If you need sorted group keys, we recommend that you explicitly use [arrange()] either before or after the call to `summarise()`, `reframe()`, or `slice()`.
This also gives you full access to all of `arrange()`'s features, such as `desc()` and the `.locale` argument.

### Verbs without `.by` support

If a dplyr verb doesn't support `.by`, then that typically means that the verb isn't inherently affected by grouping.
For example, [pull()] and [rename()] don't support `.by`, because specifying columns to group by would not affect their implementations.
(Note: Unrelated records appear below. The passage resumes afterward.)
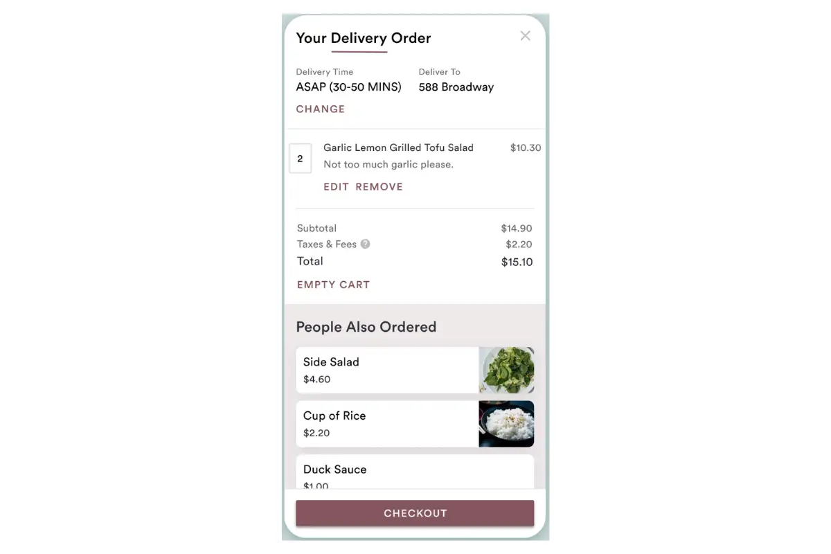 Restaurants using Pre-Order & Catering can now include item upsells on orders. (This was previously only available for Online Ordering).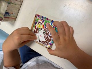 Hちゃんはコロコロローラーを使って作品作り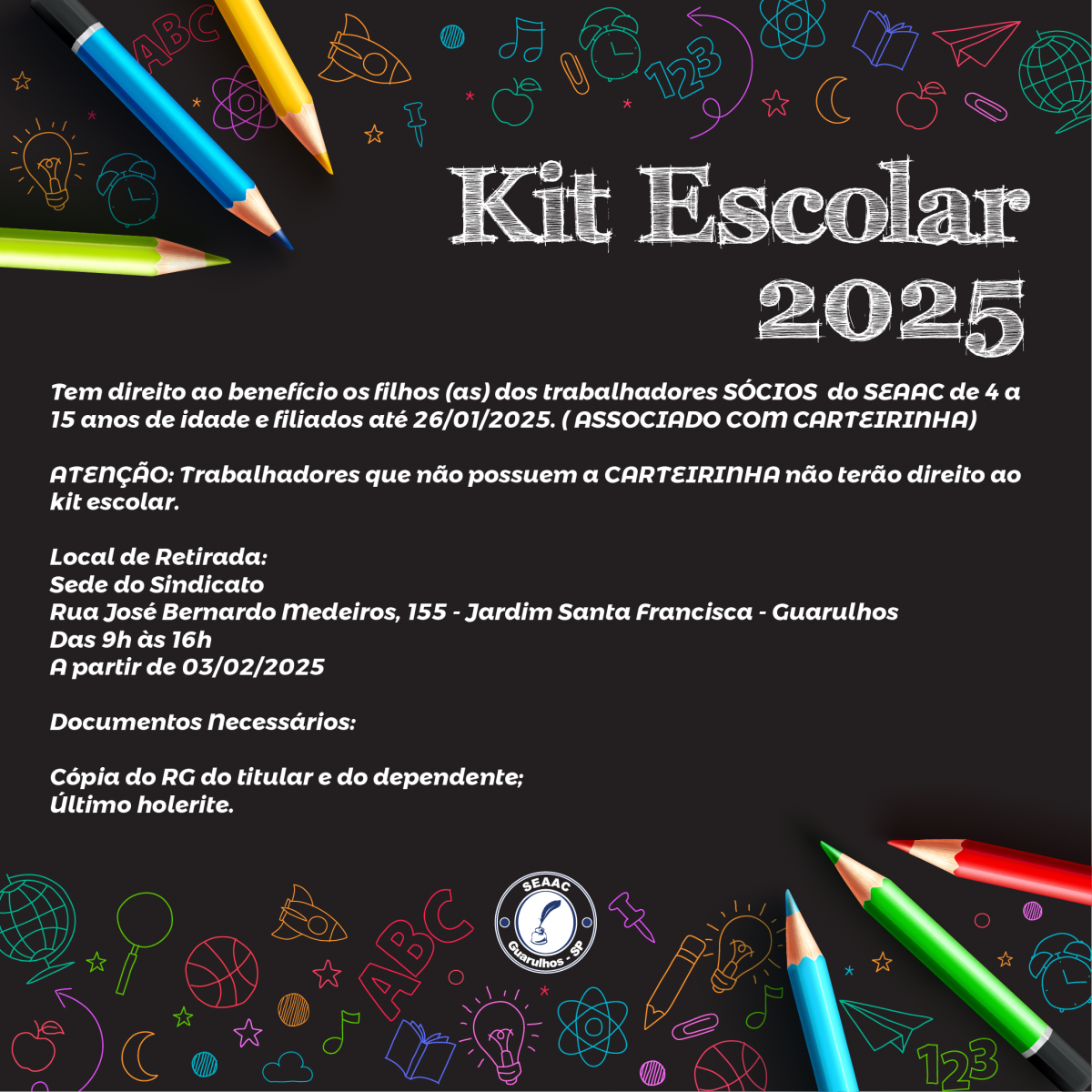 ATUALIZAÇÃO CADASTRAL - KIT ESCOLAR SEAAC 2024 - DIA 13/11/2023
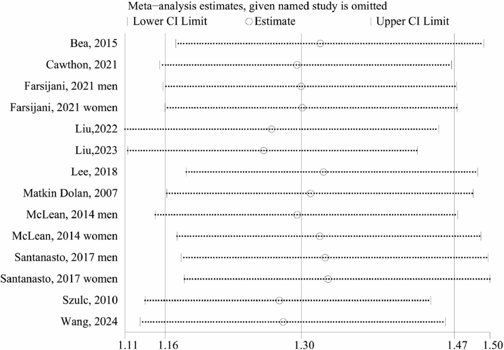 To investigate potential sources of between-study heterogeneity, subgroup analyses were carried out. These analyses focused on factors such as age at baseline, gender, BMI at baseline, location of study, duration of follow-up, number of participants, method used for assessment of lean mass, study quality, and indicators reported for lean mass. Additionally, we conducted a meta-regression model analysis based on participants’ age, follow-up time, region, gender, and sample size.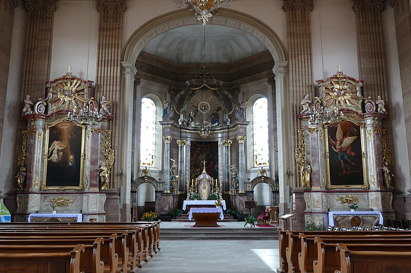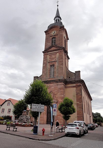 L'église catholique Saint-Michel de Reichshoffen (Bas-Rhin, Alsace) est classée monument historique depuis 1921. Elle est construite en grès des Vosges dans un style néo-classique, avec une décoration intérieure d'inspiration baroque ; sa construction, réalisée en une dizaine d'années, lui confère une remarquable unité stylistique. Elle se situe sur la place de l'église, au cœur du centre ancien, à la limite de la seconde enceinte fortifiée, sur l'emplacement d'anciennes habitations, du cimetière et de l'ancienne église. Les plans et devis de 1771 ont été dressés par Christiani père, inspecteur des Ponts et Chaussées à Strasbourg, et les travaux furent exécutés par les maîtres maçons Christian Gstyr et François Joseph Messner. La première pierre, datée de 1772, est inscrite sur le cartouche du portail principal et sur l'arc triomphal. Les maîtres d'ouvrage étaient la communauté de Reichshoffen pour la nef, et le seigneur Jean de Dietrich pour le chœur, la sacristie et la tour. Le gros-œuvre semble avoir été achevé en 1774, mais l'étage supérieur de la tour ne le fut qu'en 1779, à la suite d'un long procès entre maîtres d'ouvrage. Jean de Dietrich, protestant, avait refusé de financer le clocher d'une église catholique ; le tribunal le condamna en 1779 à en assurer la dépense et il offrit finalement un clocher plus élevé que prévu. L'édifice porte de nombreuses marques de tâcherons attestant le travail des maçons. Le décor stuqué des pilastres est attribué au plâtrier Rosio (ou Rossiau) de Flêtre, et les cartouches rocailles du plafond ainsi que l'arc triomphal sont l'œuvre du stuccateur Joseph Schaeffer. L'ensemble du mobilier d'origine, exécuté entre 1774 et 1782, est conservé. Le clocher culmine à 68,9 mètres, faisant de l'église l'une des plus hautes d'Alsace. Le carillon compte cinq cloches pesant entre 340 et 2 750 kg ; elles n'ont pas été réquisitionnées ni fondues pendant la Première Guerre mondiale. Les deux plus anciennes cloches datent de 1786 et 1812, cette dernière ayant été coulée en l'honneur de la naissance du Roi de Rome. En août 2011, trente nouvelles cloches ont été installées, constituant le carillon de l'Europe. Le buffet de tribune de Franz Schädel (1777) abrite un orgue Roethinger de 1962, tandis que l'orgue de chœur se trouve à l'avant du flanc droit de la nef. L'horloge construite par Jean-Baptiste Schwiligue, qui se trouvait dans le clocher, est aujourd'hui exposée dans le hall d'accueil de l'hôtel de ville. Sur le mur d'angle à droite du porche est réinstallée une méridienne depuis le 1er mars 2013 ; elle donne l'heure à midi et servait au XIXe siècle à régler les horloges publiques. Devant l'église se dresse une Vierge Noire, érigée en ex-voto après l'épidémie de choléra de septembre 1855, et le cimetière paroissial se situe à l'arrière du chœur. L'église abrite plusieurs mobiliers inscrits qui, conjugués à son architecture et à sa décoration, forment un ensemble remarquable.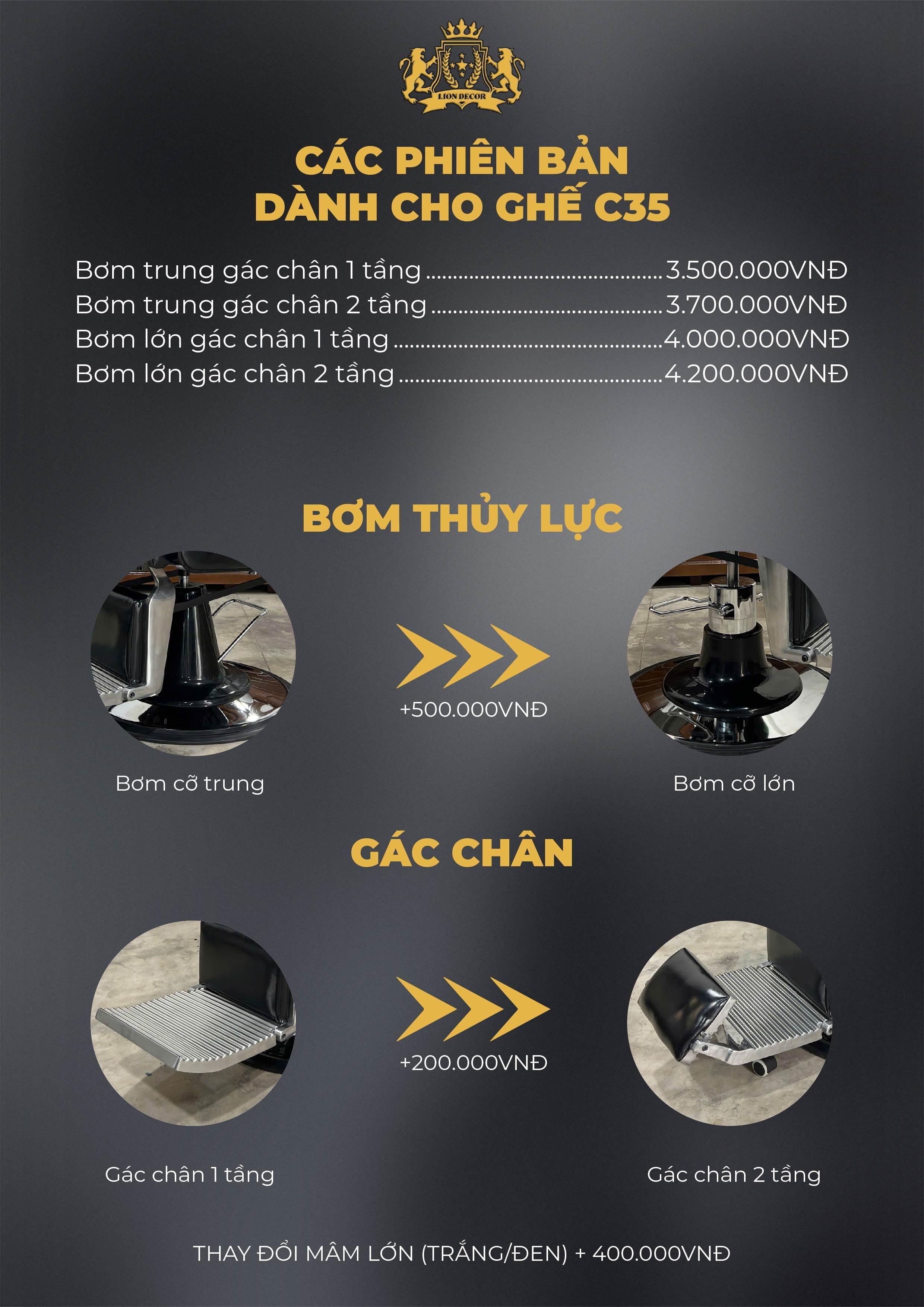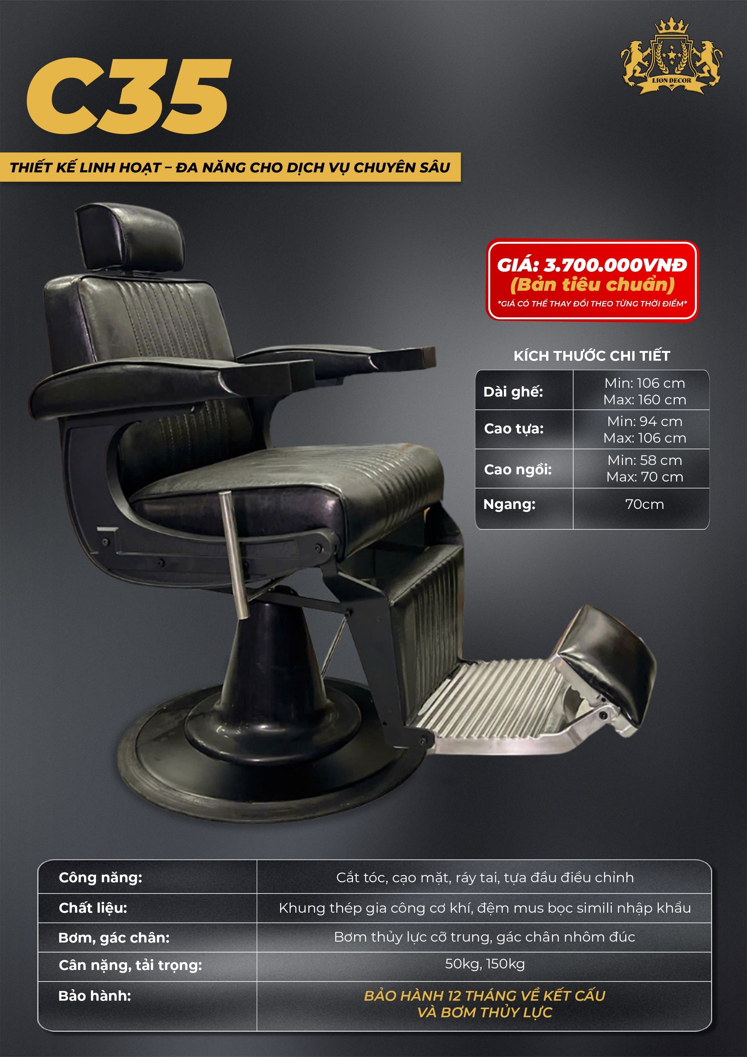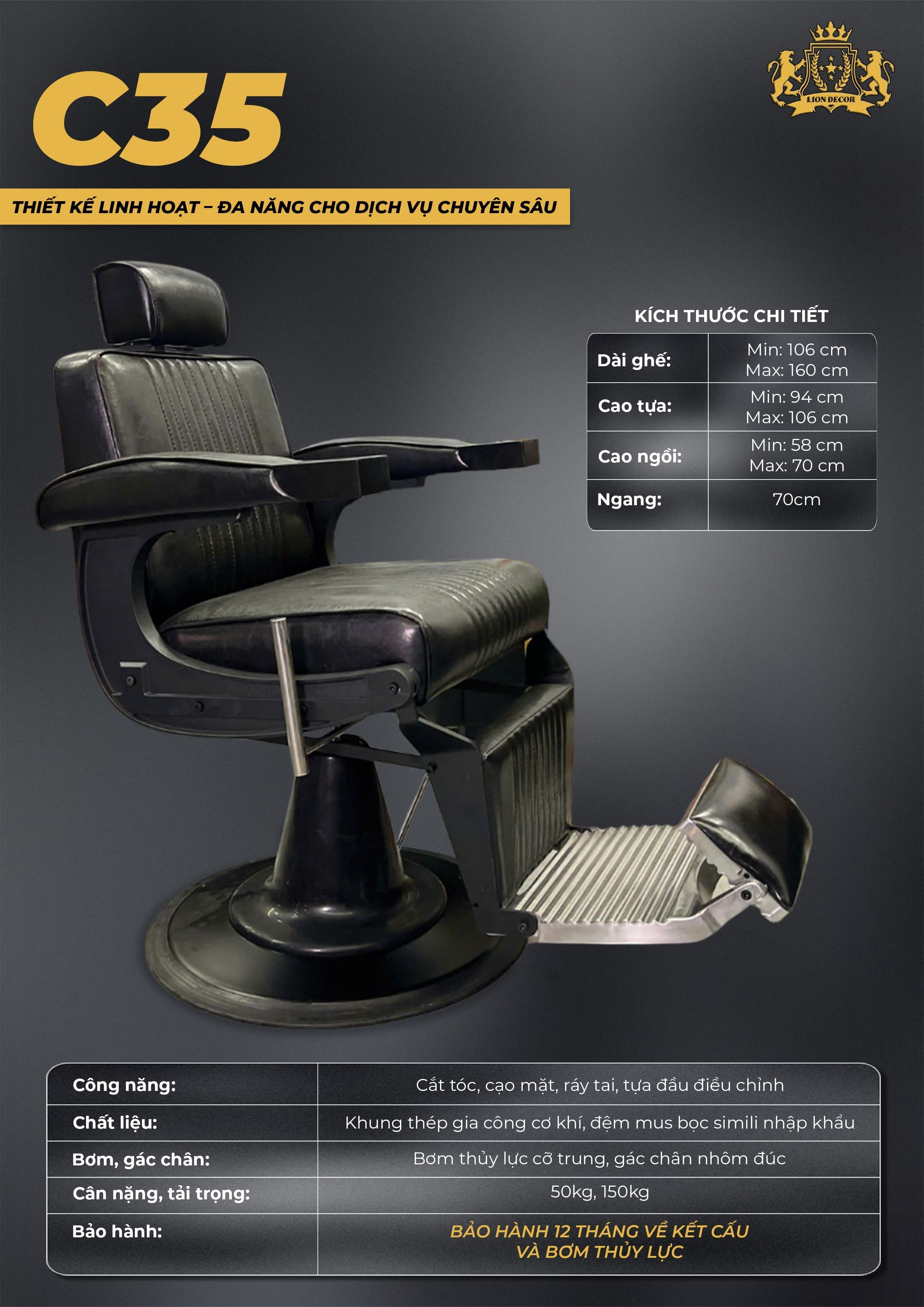 Với những ưu điểm vượt trội về thiết kế, chất liệu và tính năng, C35 xứng đáng trở thành một trong những mẫu ghế barber đáng đầu tư cho tiệm tóc của bạn.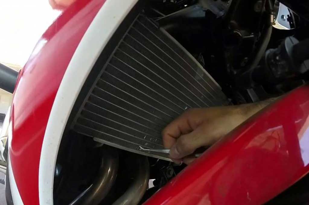 Berikutnya perhatian sirip-sirip penampang radiator. Umumnya terjadi pembengkokan karena terkena kerikil, disemprot air bertekanan, hingga perbuatan iseng orang lain. Jika banyak yang bengkok, maka udara tidak bisa melewati sirip-sirip itu dan pendinginan jadi kurang maksimal.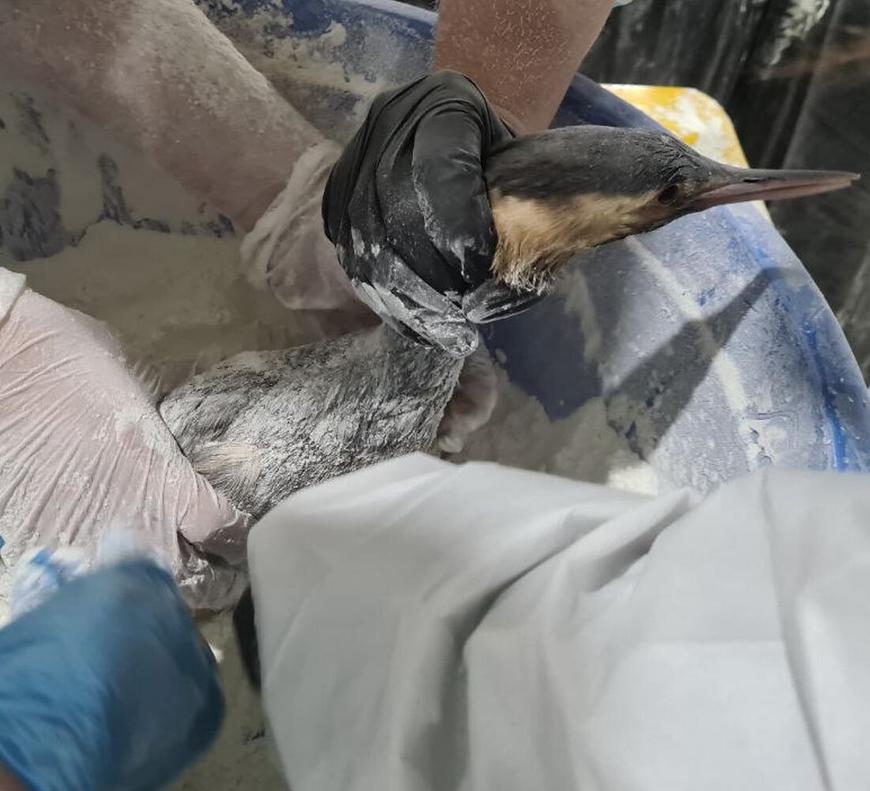 Добровольцы очищают берег, отмывают пострадавших птиц и животных. Также они работают в пунктах обогрева и питания и обследуют местность, чтобы выявить новые загрязнённые участки.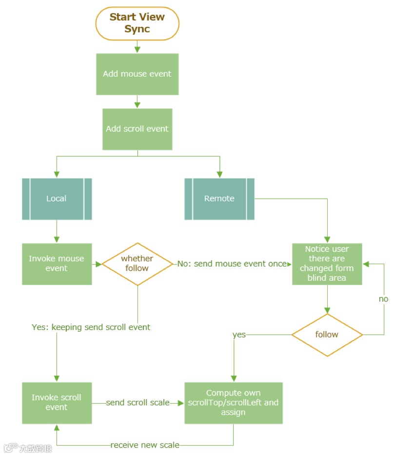 这里面最重要的是视角同步整个技术处理,第一一样的会追随鼠标状态,然后关注每个图形的位置,换算对方过来之后有没有超出区域。最重要的是拿到对方视角的位置,然后再分析有没有大于我们的区域。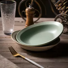Perfect for any occasion, this rustic ceramic dish set will impress your guests and make every meal feel special. The soft green color and solid design complement a variety of table settings, making them an ideal choice for modern and traditional homes alike. Enhance your dining experience with a set that reflects both beauty and practicality.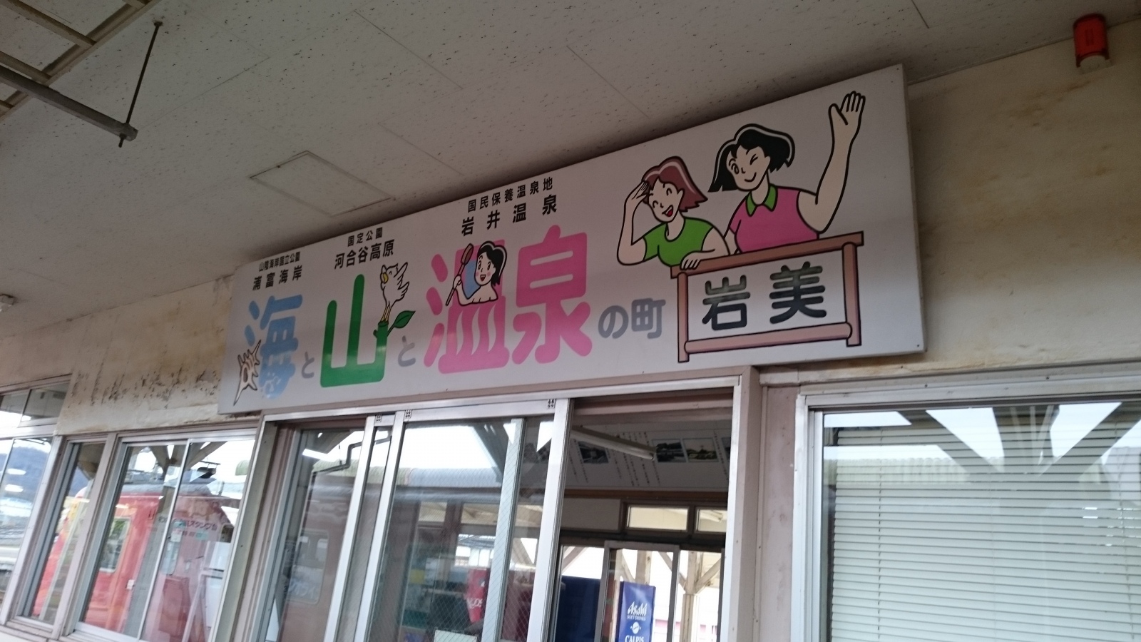 そして岩美駅 鳥取から3駅目が岩美です。ところで鳥取から福部間がかなり距離があって驚きました。市街地なのに駅間の距離がここまで離れているところって珍しそうだな。改札の上には、何だか昭和の香りのする看板が残されている。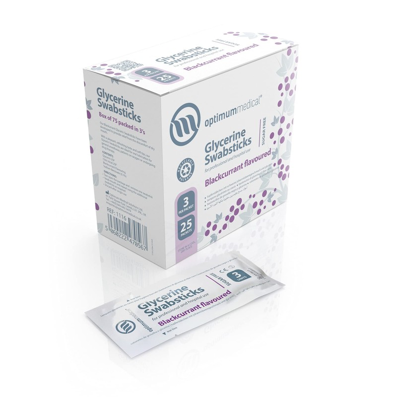 - Each pack contains 75 Optimum Medical Swabsticks - 25 bags, 3 swabs per bag

That said, there are a few exceptions to this where sometimes a dplyr verb doesn't support `.by`, but *does* have special support for grouped data frames created by [group_by()].
This is typically because the verbs are required to retain the grouping columns, for example:

-   [select()] always retains grouping columns, with a message if any aren't specified in the `select()` call.

-   [distinct()] and [count()] place unspecified grouping columns at the front of the data frame before computing their results.

-   [arrange()] has a `.by_group` argument to optionally order by grouping columns first.

If `group_by()` didn't exist, then these verbs would not have special support for grouped data frames.